# Exercise directions:
Below are the records; give again exactly the lines from the one containing "说明:对于申请免笔试的考生,学院将按《资" through the one containing "Black and white", leaving out pictures.

# Source data:
-- Opening Marker --

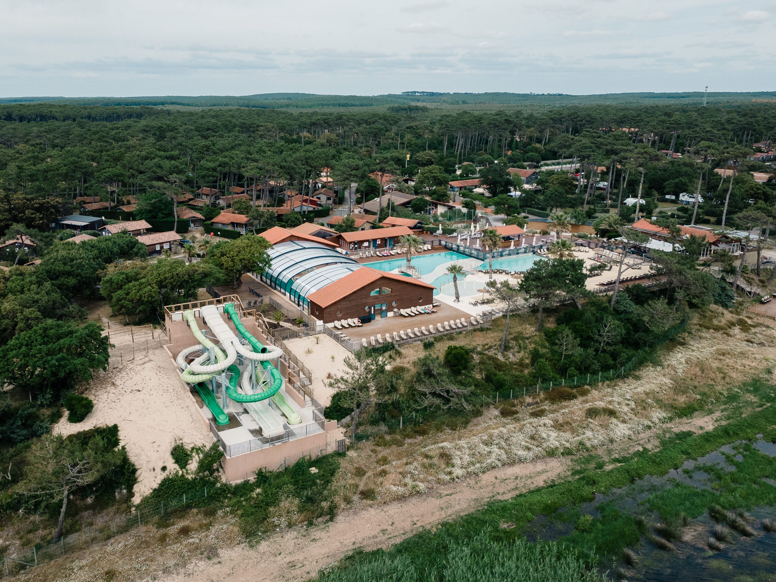 L’espace est doté d’une piscine couverte et d’une piscine extérieure chauffée avec une vue panoramique sur le courant de Contis. Une structure partiellement amovible couvre une partie du bassin et des plages permettant de profiter des espaces au gré des saisons. Six toboggans, un lagon, un solarium… Un petit paradis pour rester au frais et à l’ombre même au cœur de l’été !
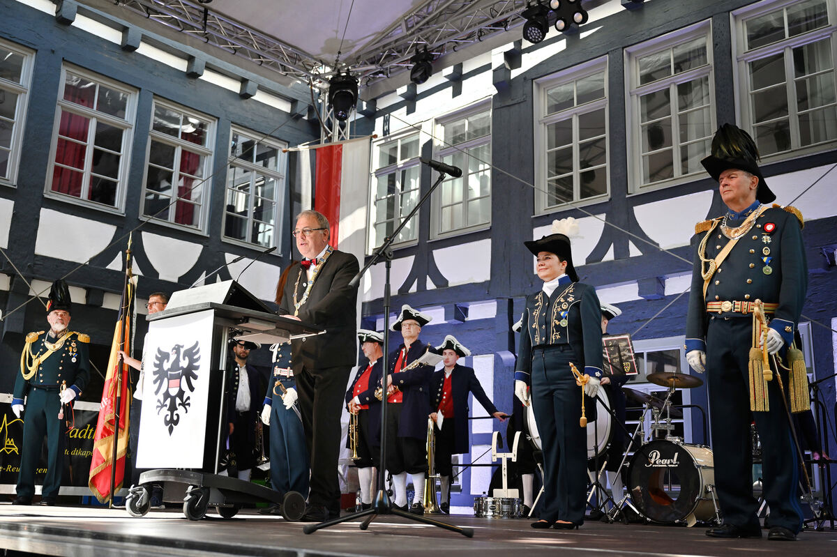 Schwörtagsrede vor historischer Kulisse: OB Thomas Keck mit Stadtgarde und Musikern der Stadtkapelle. FOTOS: PIETH
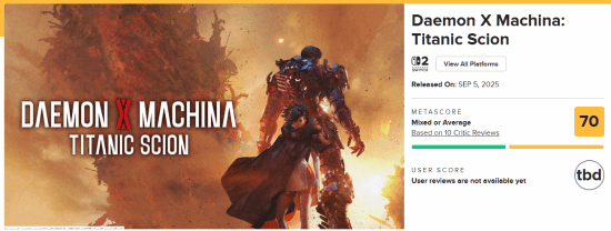 《机甲战魔》系列的最新作《机甲战魔 神话之裔》即将于9月5日正式发售,媒体评分现已全面解禁。截止至发稿时,本作在metacritic评分网站上的媒体均分为70分。
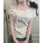 tシャツ アシンメトリー ネックデザイン ドロスト リボン レーストップス レディース
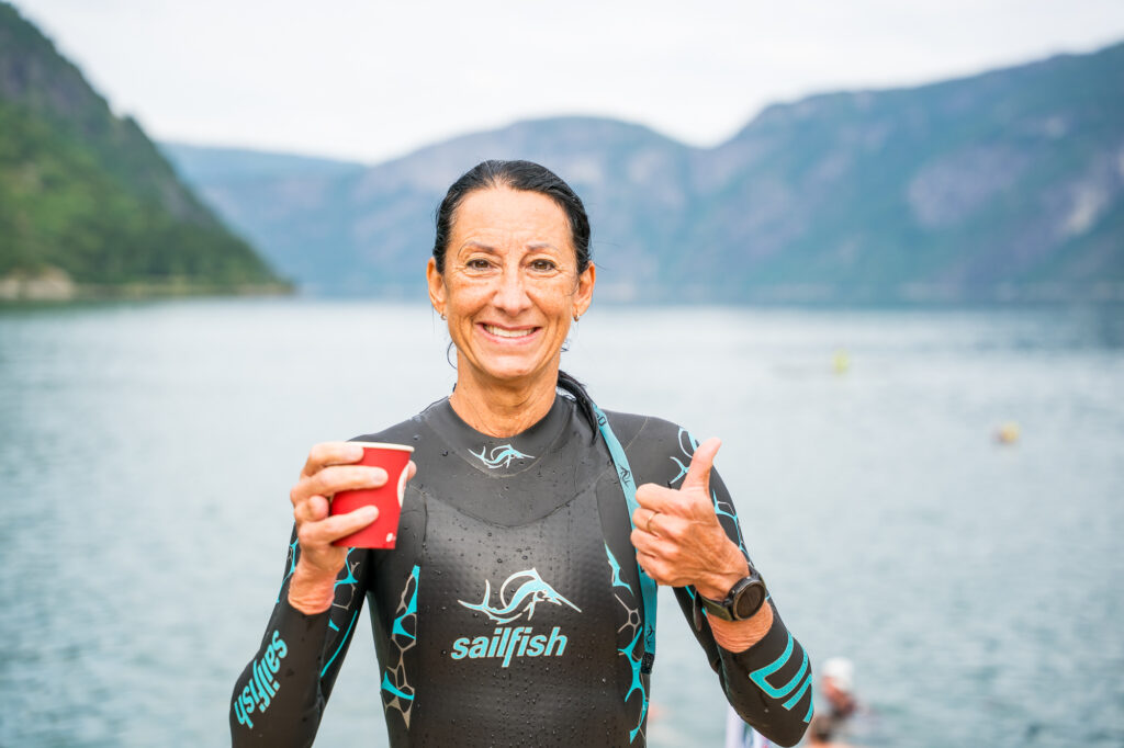 Canada’s France Lemieux, 59, is in Eidfjord to race the Norseman for the first time, and she says it is a dream come true to be here. “I’ve waited to do this race for seven years,” she says. She has raced CanadaMan/ Woman (the XTRI World Tour event in her home province of Quebec) three times, and she says she is ready to finally conquer the Norseman.
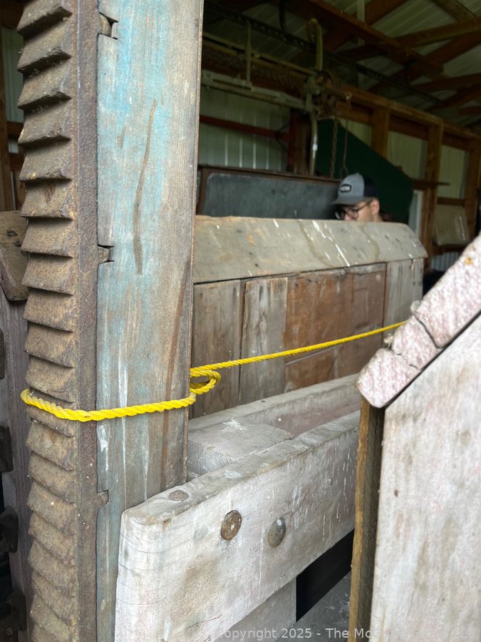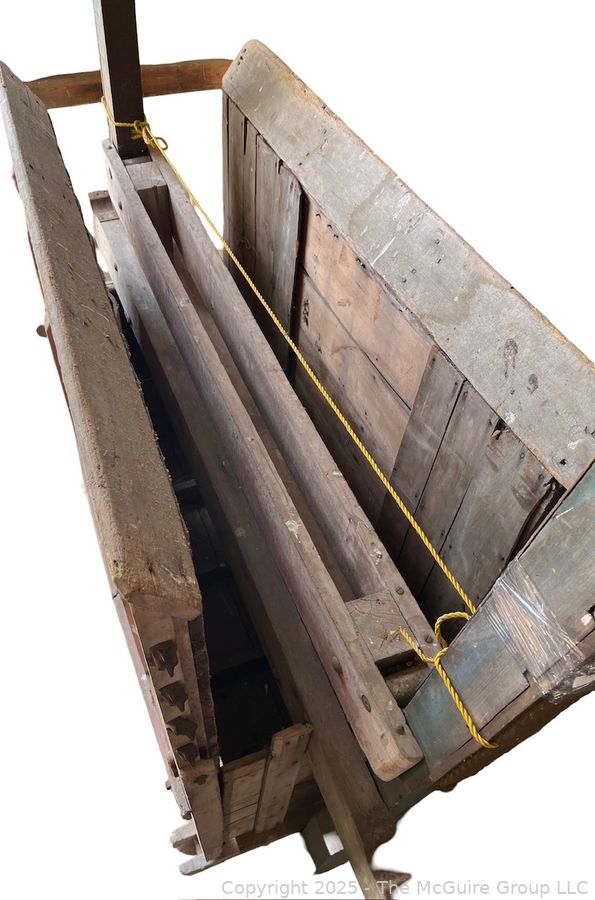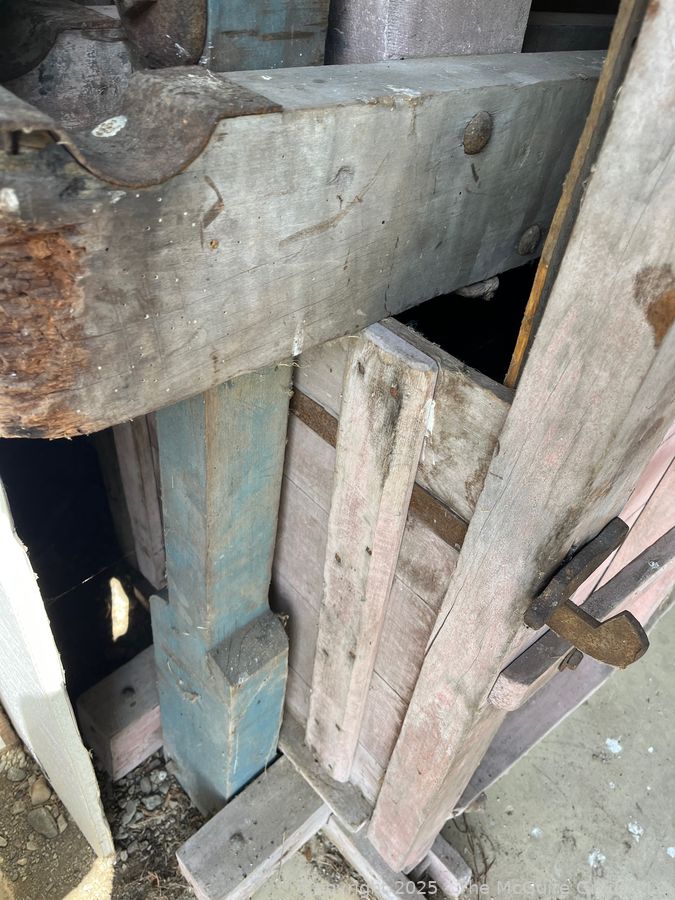 Lot #4044RM: Wooden Sheep Stanchion with Original Stenciling Mid 19th C H. D Babcock Leonardsville NY
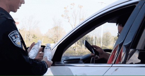 民警向过往旅客发放带有“寻亲标签”的矿泉水。
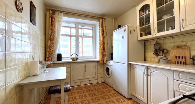 Дом, в котором продается квартира, находится на Харьковской, 80к2. Он был построен в 1962 году, а последний капремонт был в 2011-м. Общая площадь квартиры - 57 "квадратов". Кухня занимает 5,7 м².
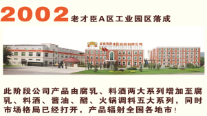 2002年由古山食品廠喬遷至北京市平谷區(qū)興谷經(jīng)濟(jì)開發(fā)區(qū),公司占地面積從10余畝擴(kuò)至50畝,產(chǎn)品從單一的腐乳生產(chǎn)增加料酒的生產(chǎn)由傳統(tǒng)手工制作轉(zhuǎn)入機(jī)械自動化生產(chǎn)!此階段公司產(chǎn)品由腐乳、料酒兩大系列增加至腐乳、料酒、醬油、醋、火鍋調(diào)料五大系列,同時市場格局已經(jīng)打開,產(chǎn)品輻射全國各地市!
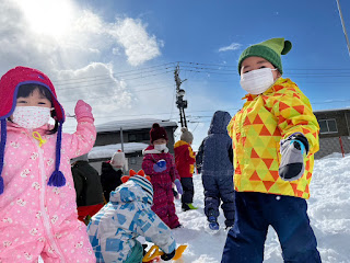 スキーウエアを着て、雪遊びをしました😊
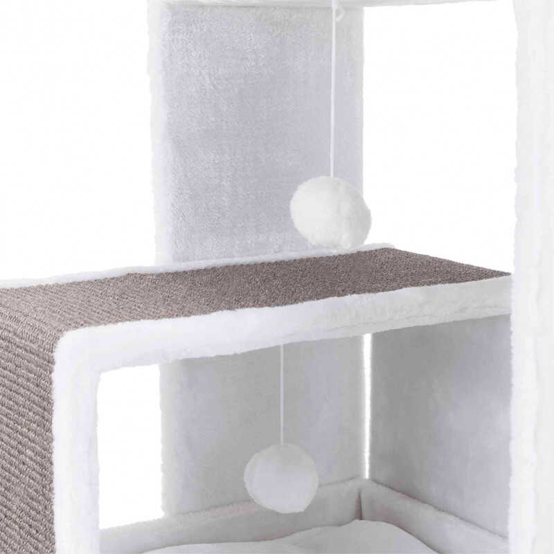 Trixie Kedi Tırmalama ve Oyun Evi 101cm Beyaz GriModern tasarımlı, yatak ve platform kenarları süet görünümlü, içleri peluş, bir bölümü tamamen doğal sisal kaplama tırmalama alanı olan kedi tırmalama ve oyun evidir. Yatak bölümü çift taraflıdır ve elde yıkanabilir. Taban alanı 58x58cm yükseliği 101cm dir. Gri ve beyaz renklidir. Üzerinde çok güzel ve modern kedi figürü bulunmaktadır.
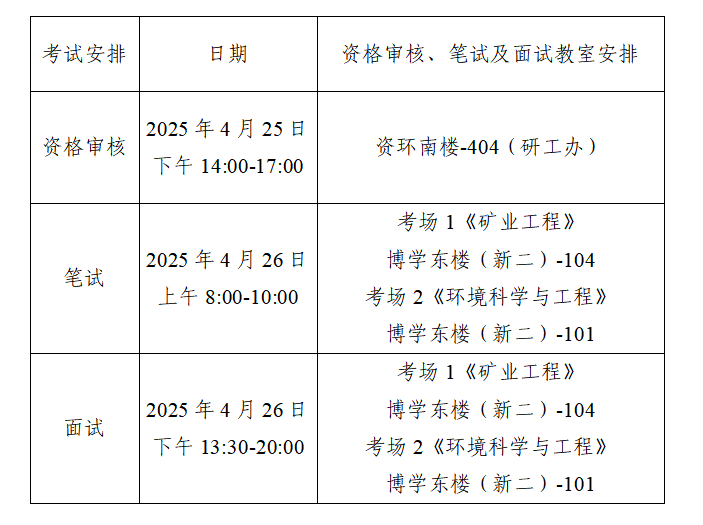 说明:对于申请免笔试的考生,学院将按《资源与环境工程学院2025年博士研究生“申请—考核”制招生方案》严格审核,通过者可直接进入面试环节。
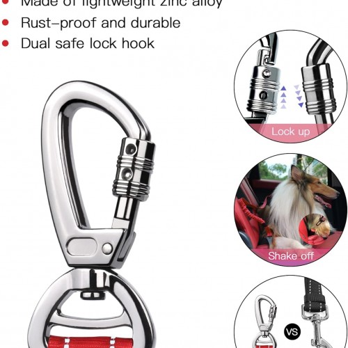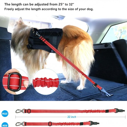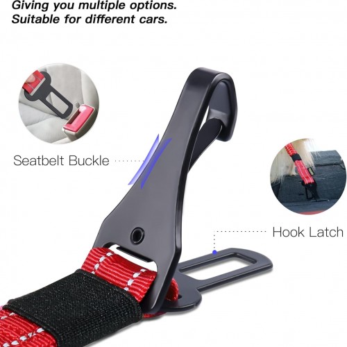 AUBELL Dog Seat Belt for Car,Updated 3-in-1 Adjustable Reflective Bungee Heavy Duty Dog Car Harness Tether with Clip Hook Latch & Buckle,Swivel Zinc Alloy Carabiner,Red
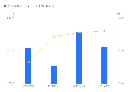 8月28日消息,数据显示,截至2025年6月30日,汉邦高科A股股东总户数为2.05万户,较上期(2025年3月31日)减少2368户,降幅10.34%。公司最新A股总股本为3.86亿股,其中流通A股2.96亿股,户均持有流通A股数量为1.44万股,较上期增加1491.87股,增幅11.53%;户均持流通A股市值11.83万元,较上期增加1.34万元,增幅12.77%。
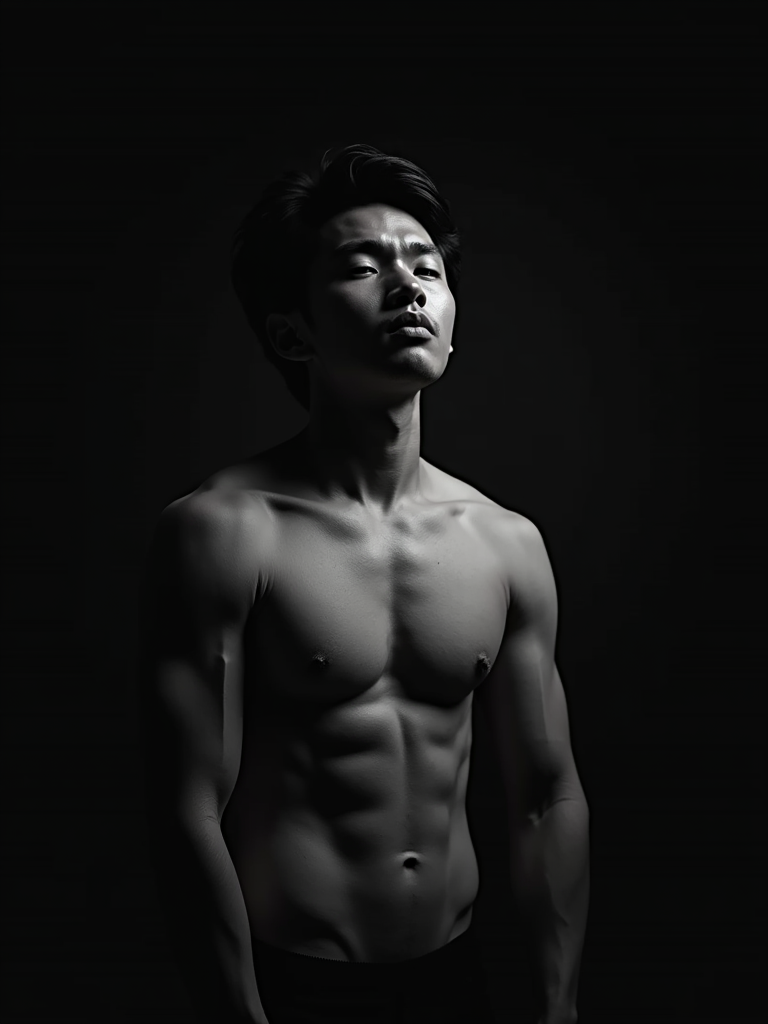 Black and white full body portrait of model with dramatic lighting. Full body in high contrast. Artistic lighting composition.
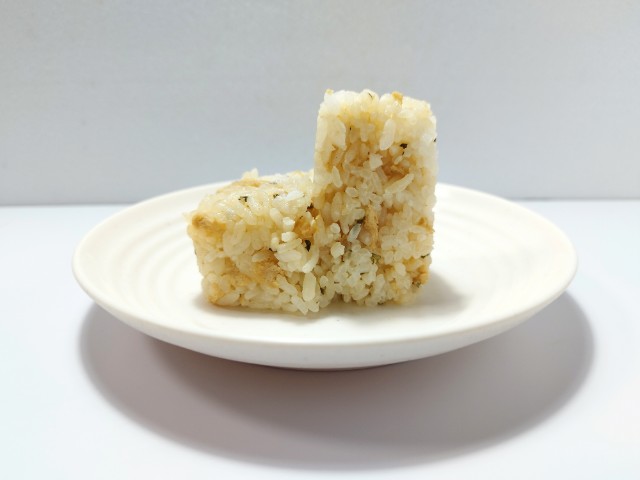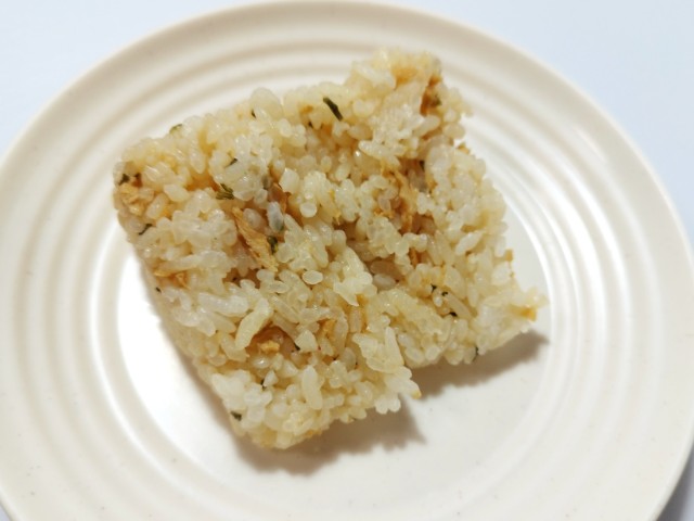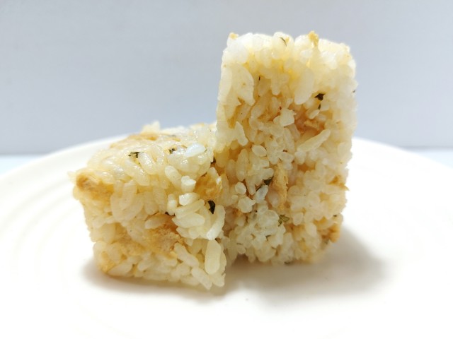 油揚げや醤油ダレを混ぜ込んだきつねおむすびです。以前にたぬきおむすび(2025年9月2日発売)がありましたが、今回はきつねおむすびになっています。そんなきつねおむすびですが、ご飯は油揚げの味わいや醤油ダレの旨味、ゆず七味のピリッとした辛味があって、間違いのない美味しさです。特に油揚げのジューシーな味わいはご飯ともよく合います。個人的には辛味はほとんど感じられませんでしたが、パッケージの左下に小さく、辛みの苦手な方はご注意ください。と書かれているので、辛いのが苦手な方は食べる時は注意した方が良いと思います。大きさは普通のおむすびサイズで、小腹が空いた時や主食にあと一品追加したい時にピッタリです。ぜひきつねおむすびを食べてみて下さい。

-- Closing Marker --

# Task answer:
 说明:对于申请免笔试的考生,学院将按《资源与环境工程学院2025年博士研究生“申请—考核”制招生方案》严格审核,通过者可直接进入面试环节。
 AUBELL Dog Seat Belt for Car,Updated 3-in-1 Adjustable Reflective Bungee Heavy Duty Dog Car Harness Tether with Clip Hook Latch & Buckle,Swivel Zinc Alloy Carabiner,Red
 8月28日消息,数据显示,截至2025年6月30日,汉邦高科A股股东总户数为2.05万户,较上期(2025年3月31日)减少2368户,降幅10.34%。公司最新A股总股本为3.86亿股,其中流通A股2.96亿股,户均持有流通A股数量为1.44万股,较上期增加1491.87股,增幅11.53%;户均持流通A股市值11.83万元,较上期增加1.34万元,增幅12.77%。
 Black and white full body portrait of model with dramatic lighting. Full body in high contrast. Artistic lighting composition.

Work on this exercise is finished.